Calling that request "unfounded," Abbott, writing for the state, says the plaintiffs' request should be denied outright, claiming it is "untimely, coming nine months after the Court's unopposed stay [in Judge Garcia's initial decision]."
"The motion is also out of order, since the Court stayed the entire case pending appeal and the plaintiffs have not sought to reopen the case," Abbott's brief continues.
The state also claims that the same-sex couples are deliberately seeking to interfere with the "status quo" of "longstanding Texas marriage law" in advance of a hearing in the case scheduled for January 9 before the Fifth Circuit Court of Appeals. Noting that the plaintiffs' request comes nine months after Garcia's initial decision, two months after all briefs were due at the Fifth Circuit, and one month before that Fifth Circuit hearing is scheduled to take place, Abbott argues that the court should deny the couples' request to lift its stay.
"This last-minute request is even more surprising given that (1) the plaintiffs voiced no opposition to a stay when the Court directly asked them at the preliminary injunction hearing, (2) they did not challenge the stay in the Fifth Circuit, and (3) they did not oppose a stay of the entire case while the appeal is pending," writes Abbott. "What's more, the sole basis for the plaintiffs' motion (denial of certiorari in other same-sex marriage cases) occurred almost two months ago. … The plaintiffs offer no explanation for why they waited so long to file their motion. They should not be rewarded for lying behind the log and springing this challenge on the Court and the State at the eleventh hour, demanding immediate relief."
In their brief asking for the stay to be lifted, attorneys for the same-sex couples who sued the state noted that several appeals courts have ruled in favor of marriage equality, and the U.S. Supreme Court let those rulings stand in October. The plaintiffs' brief also highlights the Supreme Court's denial of several requests for stays on pro-marriage rulings in other states, most recently in Idaho, Nevada, and Alaska.
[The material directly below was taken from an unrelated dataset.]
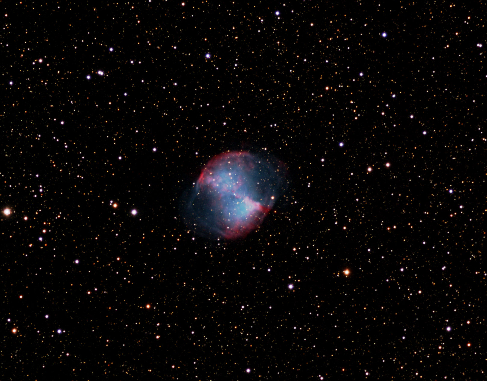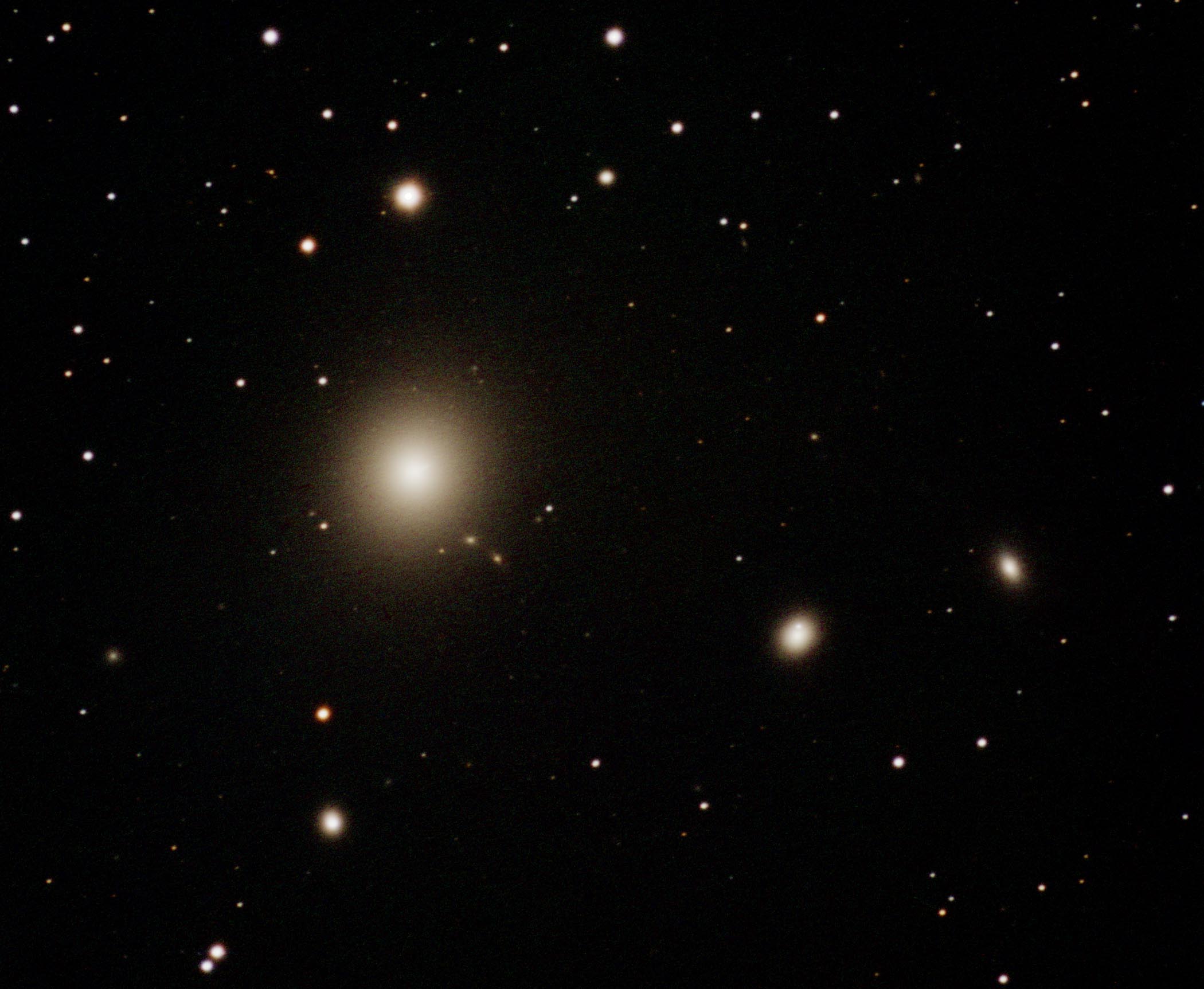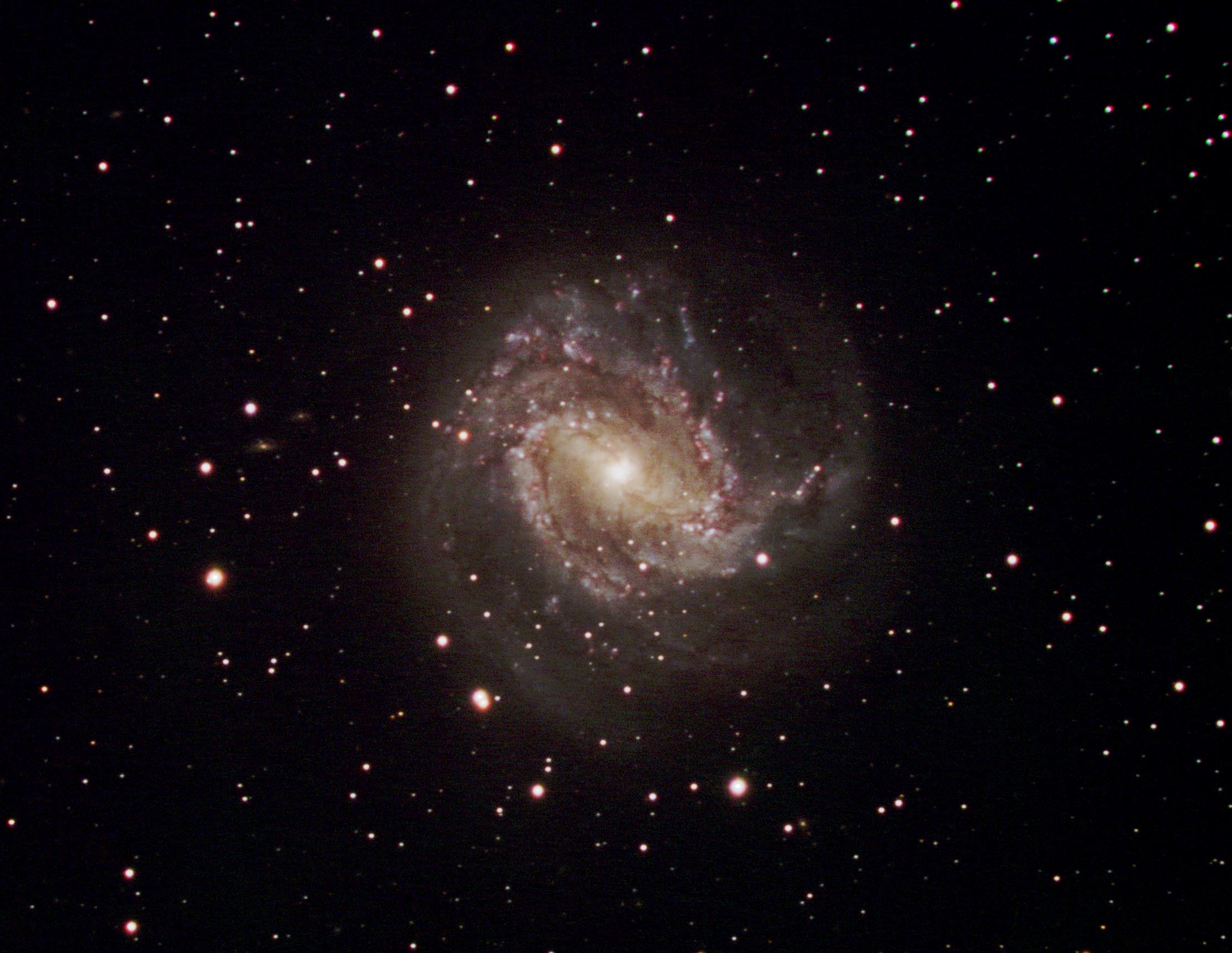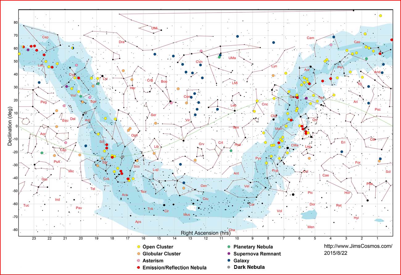 This gallery displays some of the imagery of astronomical objects acquired at SOCO. You can access the imagery in two ways. The chart below shows the distribution of imaged objects across the sky. Colored dots indicate the location and type of object (see the legend at the bottom of the chart). If you mouse-click on a dot, an image and description of the object will appear. Note that some older versions of browsers don't support this clickable chart (i.e., you can't click on a dot). If you can't click on the chart, or if you don't want to use the chart, thumbnails of all imaged objects are displayed down below the chart. Mouse-click on a thumbnail to display a full-size image and description of the object.

But Abbott's brief contends that "the plaintiffs misread the Supreme Court tea leaves." The Supreme Court has only denied such requests to put rulings on hold in cases out of districts where all lower courts found in favor of equality, Abbott explains. "The plaintiffs cite no case (and we are aware of none) in which the Supreme Court has declined to stay a district court's injunction of a State's marriage law in a circuit that has not yet resolved the issue."
Finally, Abbott rejects the claims of impending harm by the continued denial of the freedom to marry, made by one of the same-sex couples in their request to lift the stay. Cleopatra De Leon and her wife, Nicole Dimetman-De Leon, are expecting their second child in the coming months, and told the court they want their marriage recognized in Texas before the child's birth so that De Leon can be recognized as the legal second parent of their child. If Dimetman-De Leon were to fall ill or die in childbirth, under current Texas law her wife would have no legal right to be by her side, make end-of-life decisions, nor have any legal connection to the child her wife birthed.
"These alleged harms are speculative;" Abbott writes in his brief urging the court to dismiss the request. "They are contingent on death or incapacity of one of the parties, but the plaintiffs do not allege any threat or expectation that these potential tragedies will befall them."